Unless Arroyo resolves the scandals hounding her, said Senator Francisco Pangilinan, Estrada’s conviction will ”cast a very long and dark shadow” on her administration.
Benito Lim, a political scientist at the Ateneo de Manila University, said he expected this kind of reaction. ”Arroyo’s critics will now start comparing amounts,” he said. ”And the crucial consequence of this is that the verdict will strengthen the movement against Arroyo because of all the unresolved allegations of corruption against her,” Lim said in an interview.
Nothing perhaps underscored this point than the testimony in the senate last week by Jose de Venecia 3rd, a businessman, who accused Arroyo’s husband, Jose Miguel, and the head of the elections commission, Benjamin Abalos, of interceding on behalf of ZTE Corp., a Chinese telecommunications company that cornered a $329-million contract to build the government’s broadband network project.
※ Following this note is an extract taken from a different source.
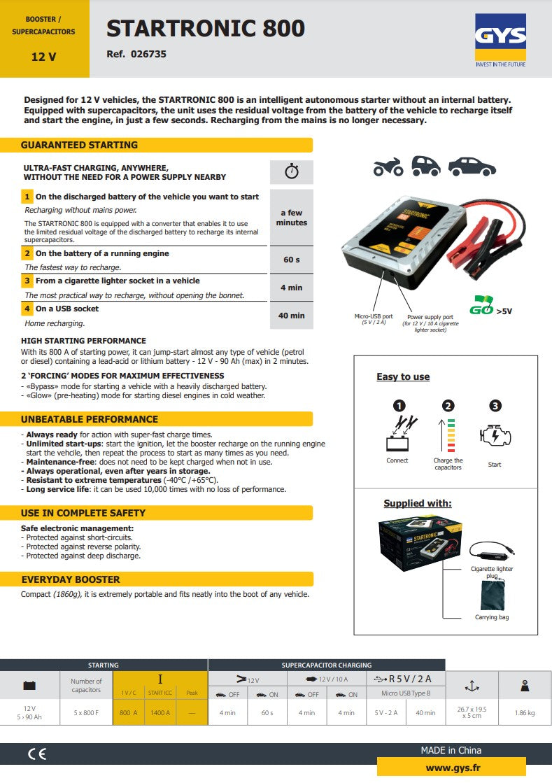 Designed for vehicles fitted with a 12 V battery, this booster is equipped with supercapacitors and uses the residual voltage of the vehicle's battery to recharge and start the engine in a matter of seconds.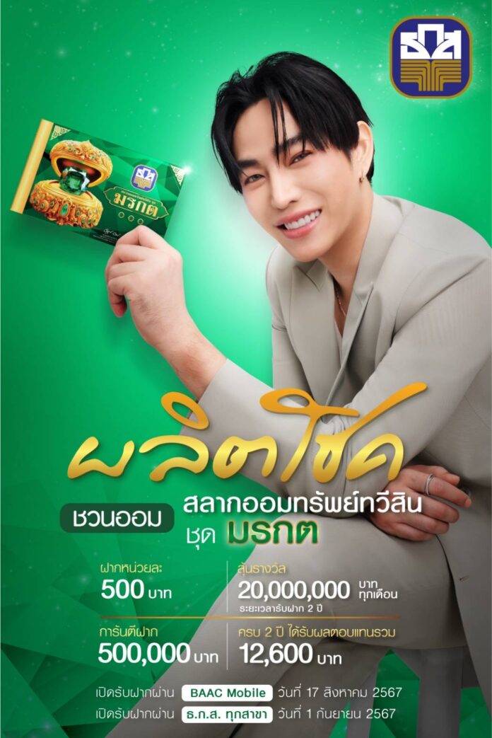 ธ.ก.ส. ชวนออมแบบรวยเหลือแจกไปกับสลากออมทรัพย์ทวีสิน ชุดมรกต หน่วยละ 500 บาท วงเงินรวม 1.5 แสนล้านบาท มอบโชคใหญ่ทุกเดือน มูลค่า 20 ล้านบาท และรางวัลอื่นๆ รวมมูลค่า 159 ล้านบาท จำนวน 24 ครั้ง ฝากครบรับผลตอบแทน ร้อยละ 0.30 ต่อปี เปิดรับฝากผ่านแอปพลิเคชัน BAAC Mobile 17 ส.ค. และที่เคาน์เตอร์ ธ.ก.ส. ทุกสาขา 1 ก.ย. นี้

According to de Venecia, the contract was overpriced by 100 percent because of kickbacks that went to Abalos, a key Arroyo ally who had been accused of having had a hand in the 2004 elections cheating that favored the president.
Apart from the ZTE deal, other corruption scandals all disclosed in separate Senate hearings in the past several years — included the alleged misuse of more than 700-million pesos of agriculture funds to buy votes during the 2004 elections; the alleged money laundering by Arroyo’s husband, Jose Miguel Arroyo, of campaign funds and contributions; the alleged payoff received by Arroyo’s former justice secretary, Hernando Perez, in a $470-million energy with an Argentine company; and Arroyo’s alleged close relationship with Bong Pineda, an alleged gambling lord from the president’s hometown in Pampanga.
But at the heart of Arroyo’s troubles is the allegation, backed by testimony and a controversial audio recording, that she cheated in the 2004 elections. Arroyo’s opponents in Congress twice attempted to impeach her for this but failed because they didn’t have the numbers.
Attempts by the Senate to investigate this scandal and the others were unsuccessful, largely because Arroyo, through an executive order, prevented her officials from testifying in any congressional probe without her approval.